Transcribe the entries exactly. Start at the top, stop after the line with "Magnífico conjunto compuesto", and omit every picture.
--- DATA FOR REVIEW Enclosed Below ---
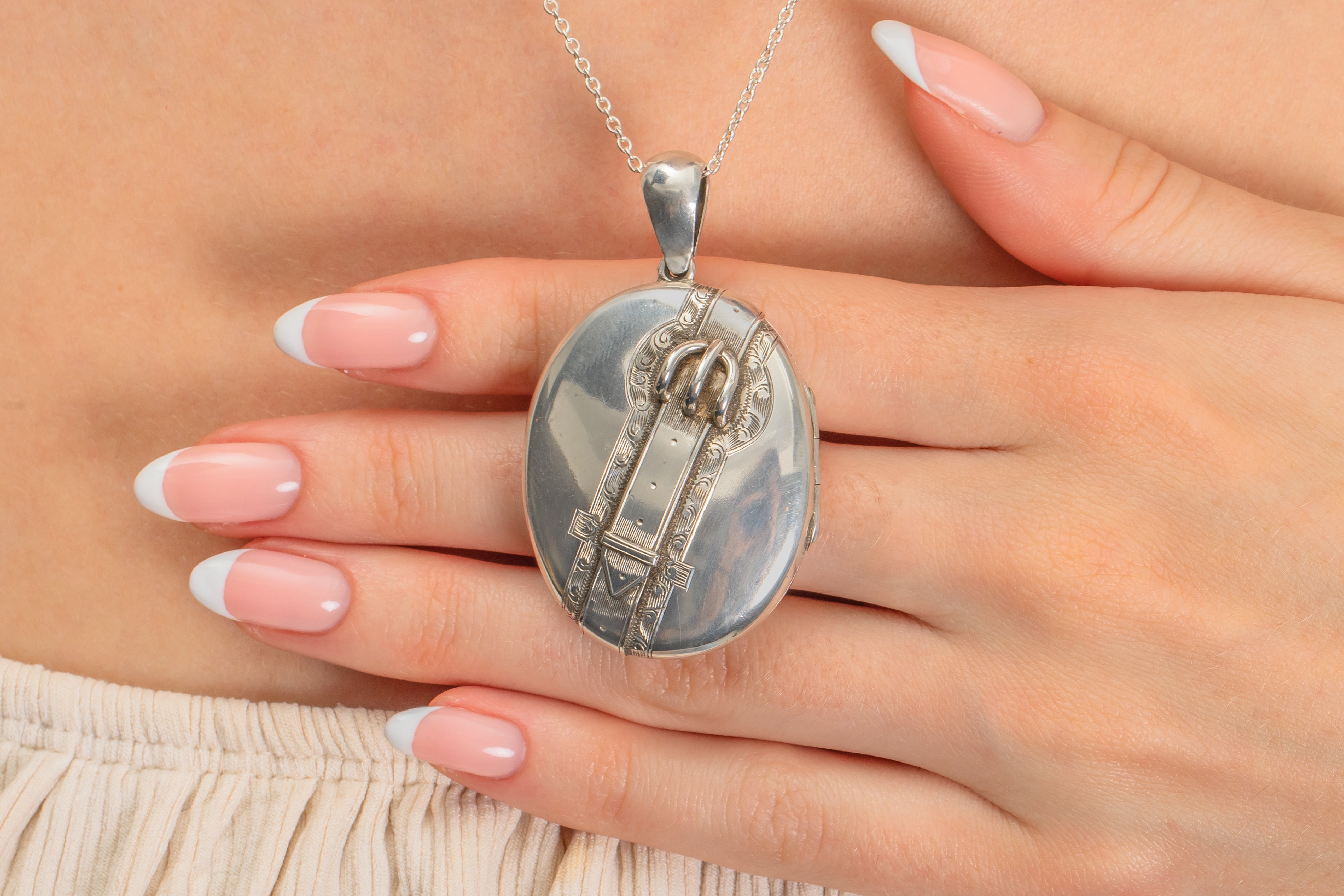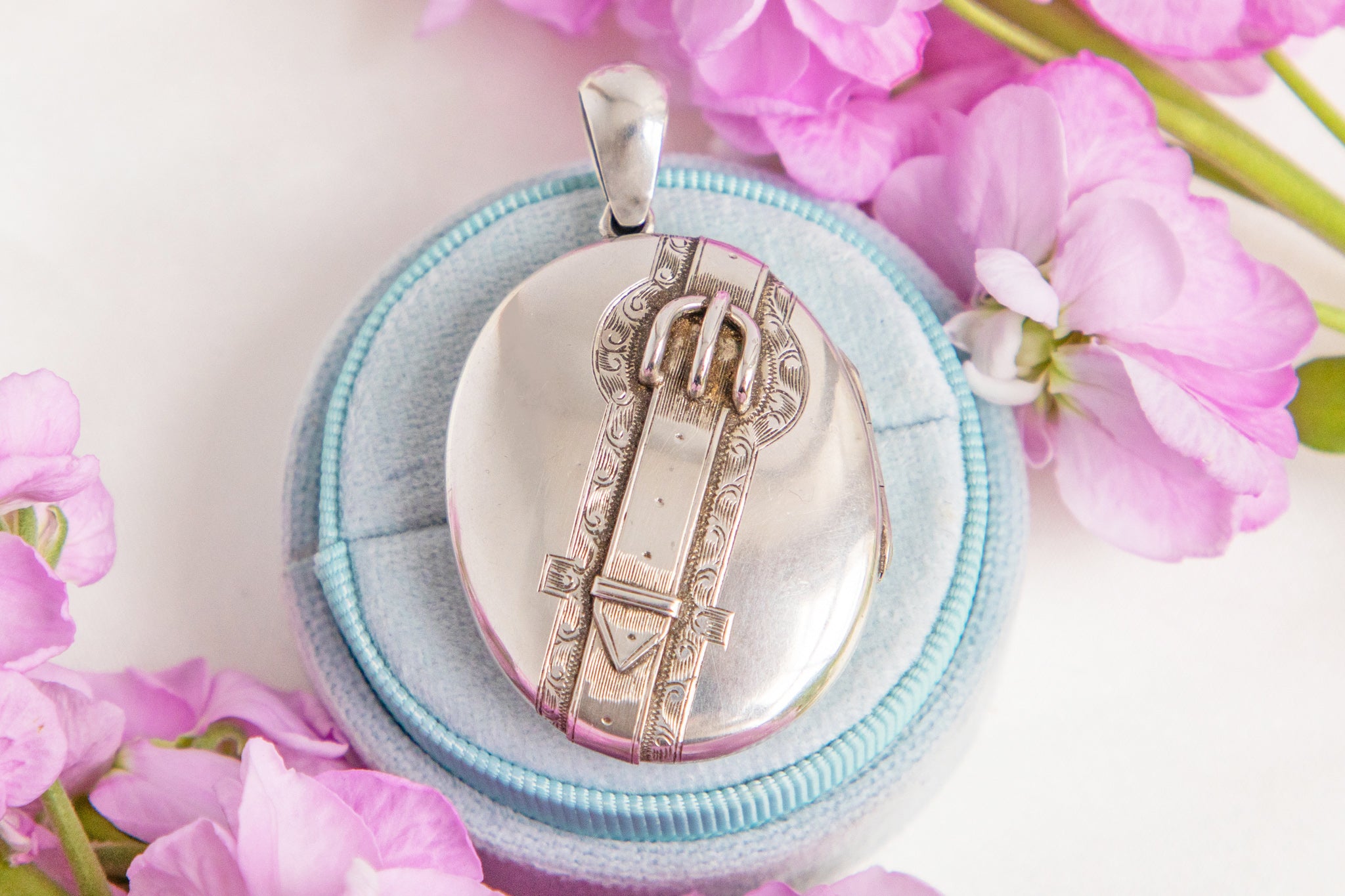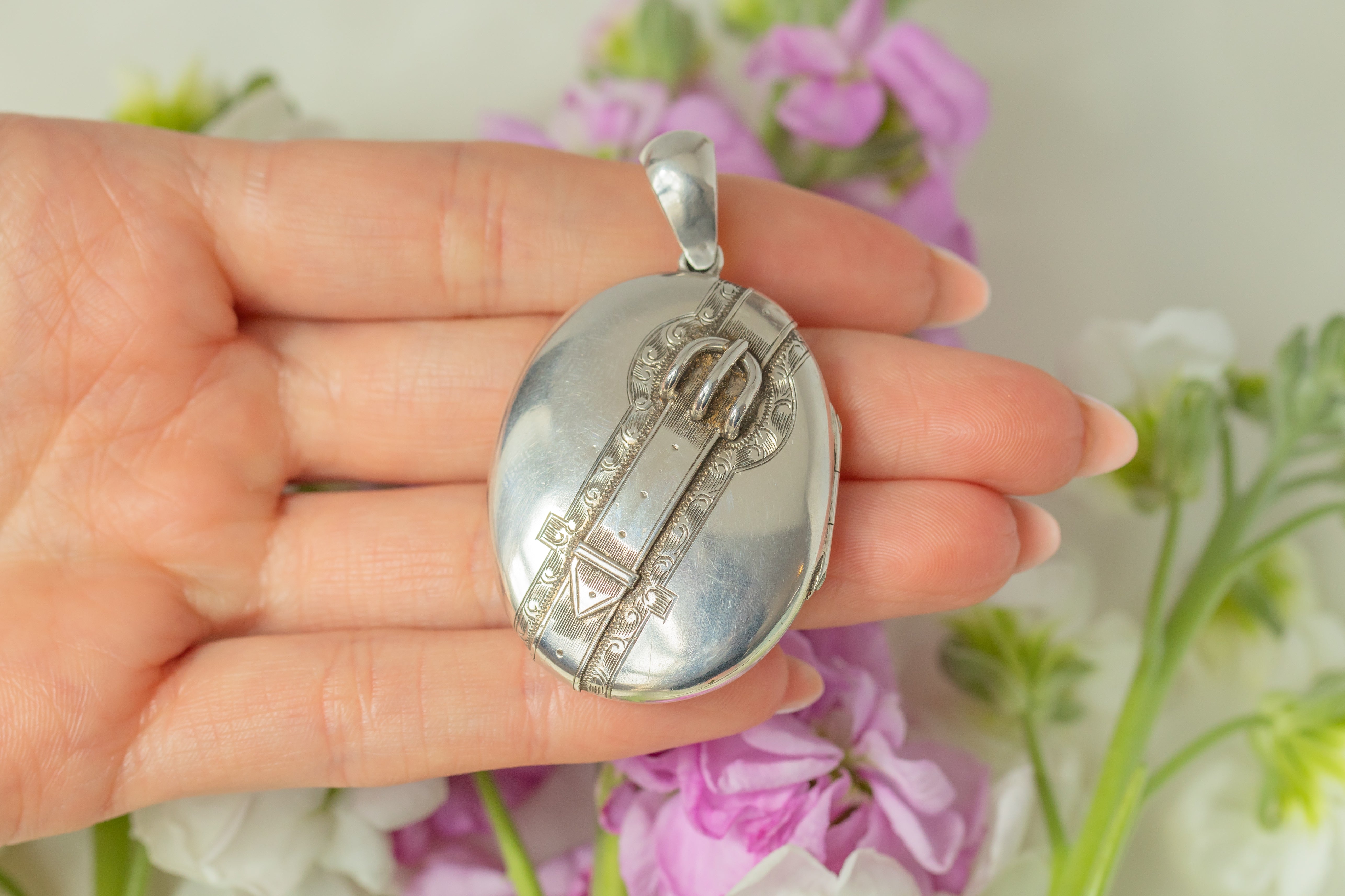 This impressive Victorian Sterling Silver buckle locket is as beautiful as it is large. The locket itself features an intricately textured belt design, symbolic of eternity and strength, giving this Victorian treasure a smart exterior imbued with poignant meaning.
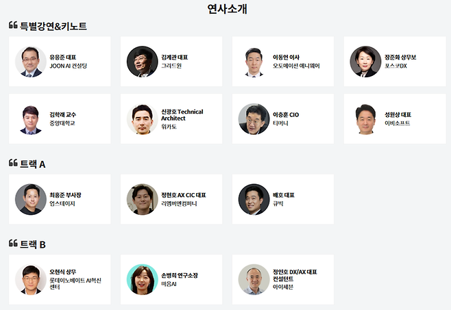이후 오후 병렬 트랙에서는 업스테이지, 롯데이노베이트, 리멤버엔컴퍼니, 마음AI, 큐빅, 아이세븐 등이 참여해 Agent 오케스트레이션, AX 조직 재설계, 현업 적용 사례, 피지컬 AI, AI-Ready 데이터 전략, 온톨로지 기반 AI 에이전트 설계 등 보다 세부적인 의제를 다룬다.
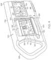 FIG.8 is a perspective view of a portion of the interior region of the housing of the user module ofFIG.4 including an illustrative embodiment of a pivot coupler;
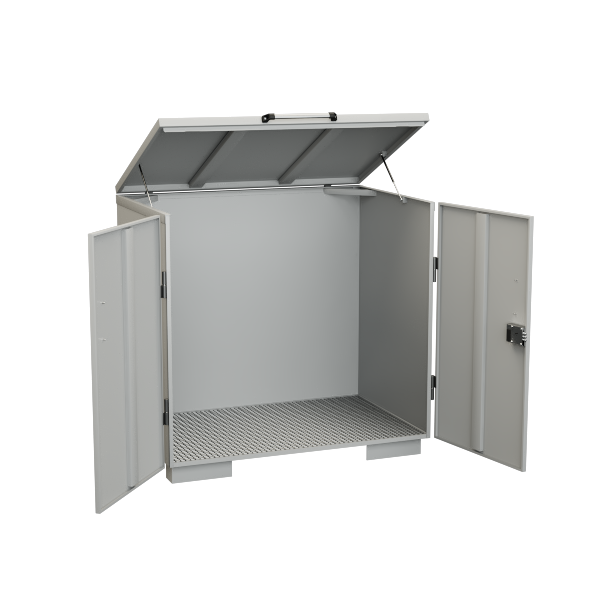 - Предназначено для хранения снаружи и внутри помещений двух 200-литровых бочек с горючими либо загрязняющими воду жидкостями.
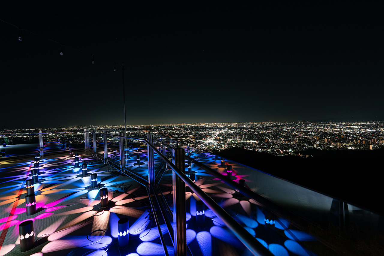 またイベントが行われていることもあり、2025年11月に取材したときには、「天空のお花畑」というイベントがあり、展望デッキが彩り豊かにライトアップされていました。
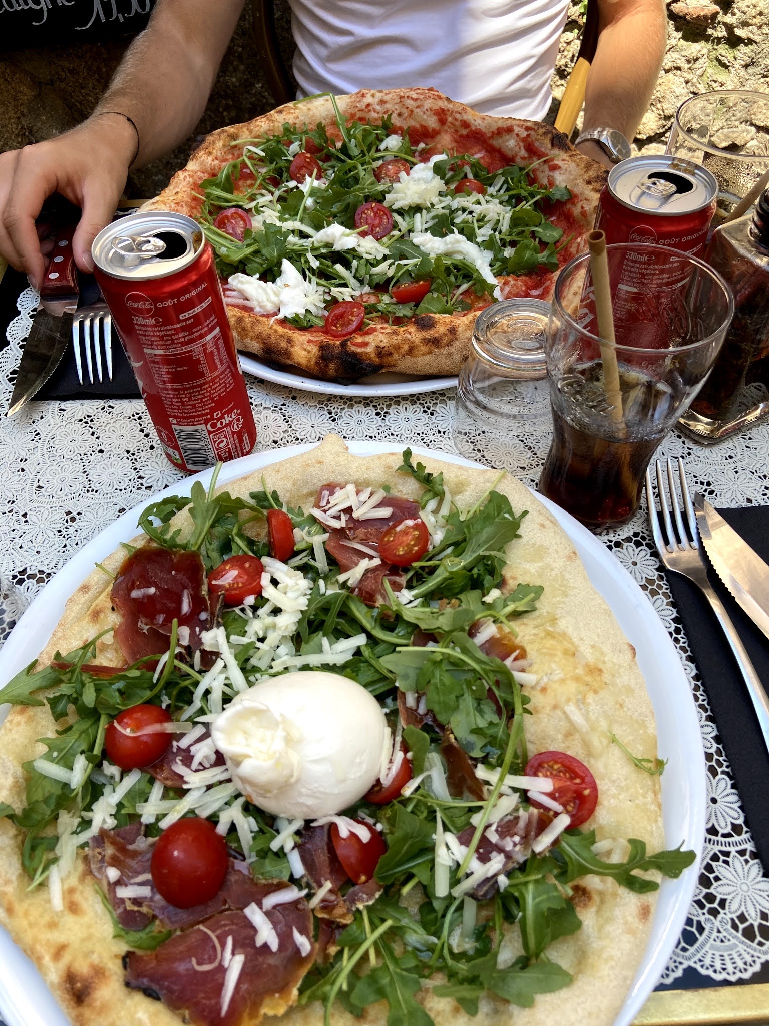 Bon petit restaurant ombragé avec pizzas aussi belles😍que bonnes 😋
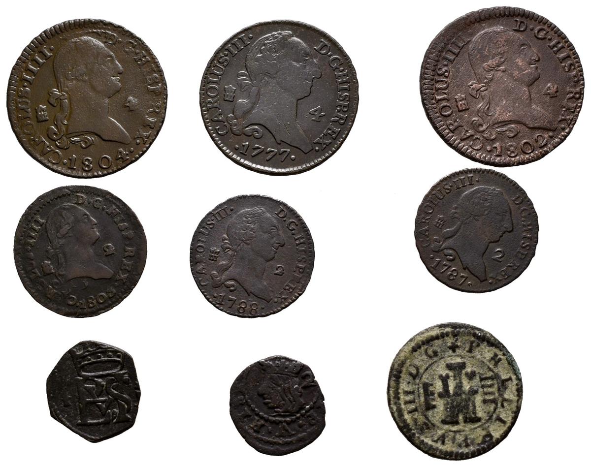 Magnífico conjunto compuesto por 85 monedas en plata (49) y cobre (36) acuñadas entre los reinados de Felipe III e Isabel II. El conjunto incluye un buen número de monedas de 8 Reales así como una gran variedad de módulos,fechas y cecas. Sin apenas piezas repetidas. Diferentes estados de conservación. A EXAMINAR.
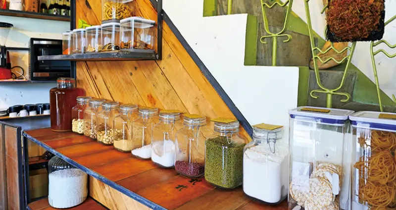 老闆為壯圍本地友善小農,與老闆娘為了推廣友善農產銷售,以宜蘭第一家無包裝商店為創意提案,獲得在老屋中實踐理念的機會。老闆夫妻回收老屋中的舊有材料如床板、窗框等,打造出環保概念的店內空間;1樓商店無包裝販售蔬果物產多為壯圍在地或台灣各地有機農產品,也提供米穀粉製作的西點,無添加、不含麩質,適合各年齡層享用;2樓未來將不定期舉辦展覽、放映等活動,為在地增添濃濃藝文氣息。![]()
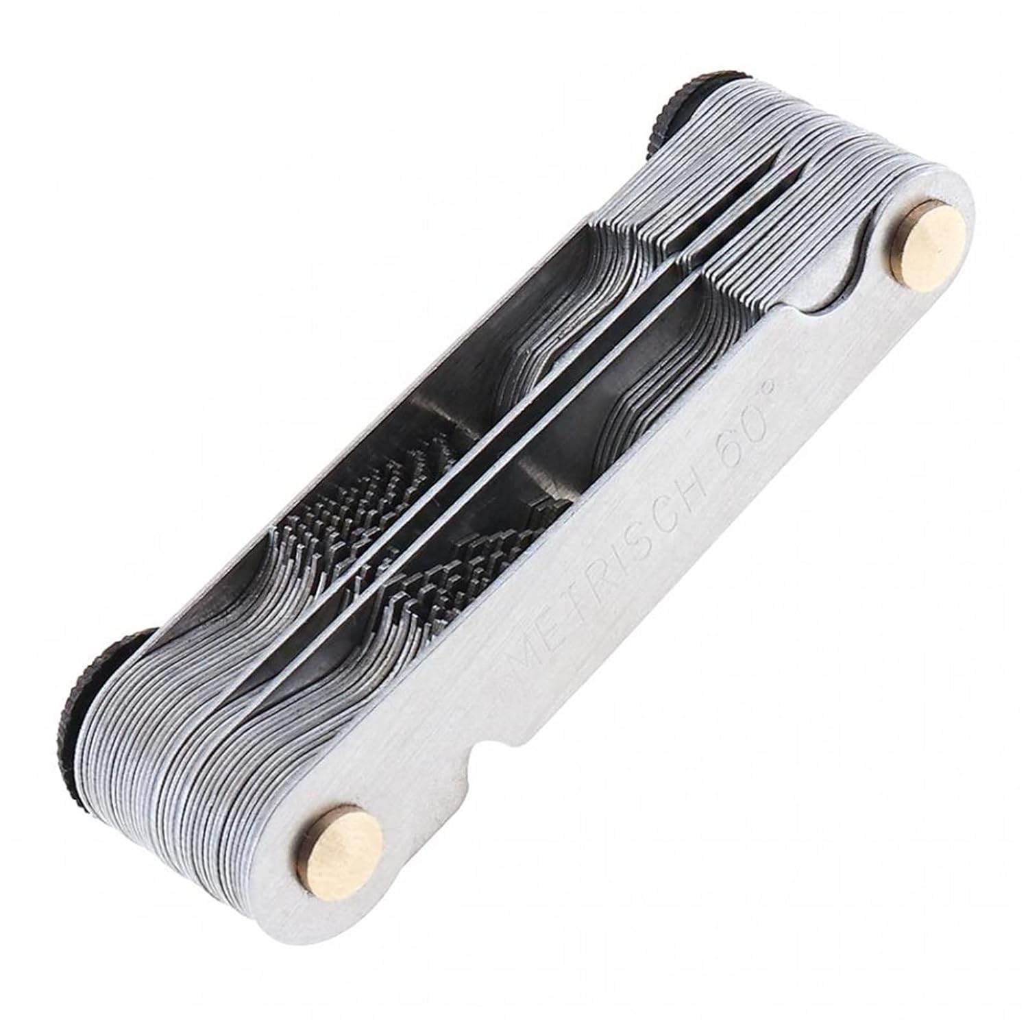 - Прецизионные лезвия: 58 лезвий из нержавеющей стали обеспечивают точные измерения как внутренней, так и внешней резьбы.
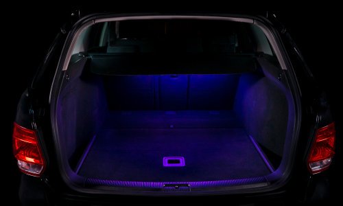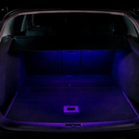 Iluminación moderna interior en techo, baul y tablero.
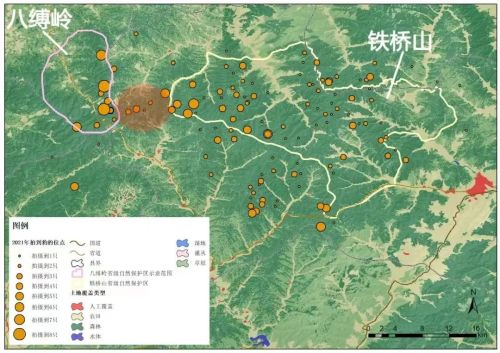 鐵橋山保護區(qū)和八縛嶺保護區(qū),之間的紅色陰影便是兩個保護地之間的重要廊道,是構成這個種群棲息地保持完整的關鍵。?貓盟
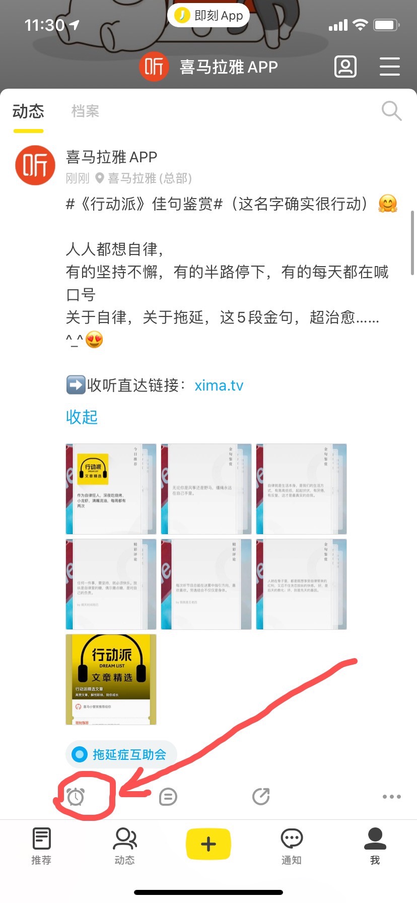 『拖延互助会』圈子的动态,‘点赞’功能的按钮竟然是闹钟⏰图标,响应圈名,太可爱了叭🤟🤟🤟
--- End of Enclosed DATA FOR REVIEW ---
SOLUTION TO THE EXERCISE —
 This impressive Victorian Sterling Silver buckle locket is as beautiful as it is large. The locket itself features an intricately textured belt design, symbolic of eternity and strength, giving this Victorian treasure a smart exterior imbued with poignant meaning.
이후 오후 병렬 트랙에서는 업스테이지, 롯데이노베이트, 리멤버엔컴퍼니, 마음AI, 큐빅, 아이세븐 등이 참여해 Agent 오케스트레이션, AX 조직 재설계, 현업 적용 사례, 피지컬 AI, AI-Ready 데이터 전략, 온톨로지 기반 AI 에이전트 설계 등 보다 세부적인 의제를 다룬다.
 FIG.8 is a perspective view of a portion of the interior region of the housing of the user module ofFIG.4 including an illustrative embodiment of a pivot coupler;
 - Предназначено для хранения снаружи и внутри помещений двух 200-литровых бочек с горючими либо загрязняющими воду жидкостями.
 またイベントが行われていることもあり、2025年11月に取材したときには、「天空のお花畑」というイベントがあり、展望デッキが彩り豊かにライトアップされていました。
 Bon petit restaurant ombragé avec pizzas aussi belles😍que bonnes 😋
 Magnífico conjunto compuesto por 85 monedas en plata (49) y cobre (36) acuñadas entre los reinados de Felipe III e Isabel II. El conjunto incluye un buen número de monedas de 8 Reales así como una gran variedad de módulos,fechas y cecas. Sin apenas piezas repetidas. Diferentes estados de conservación. A EXAMINAR.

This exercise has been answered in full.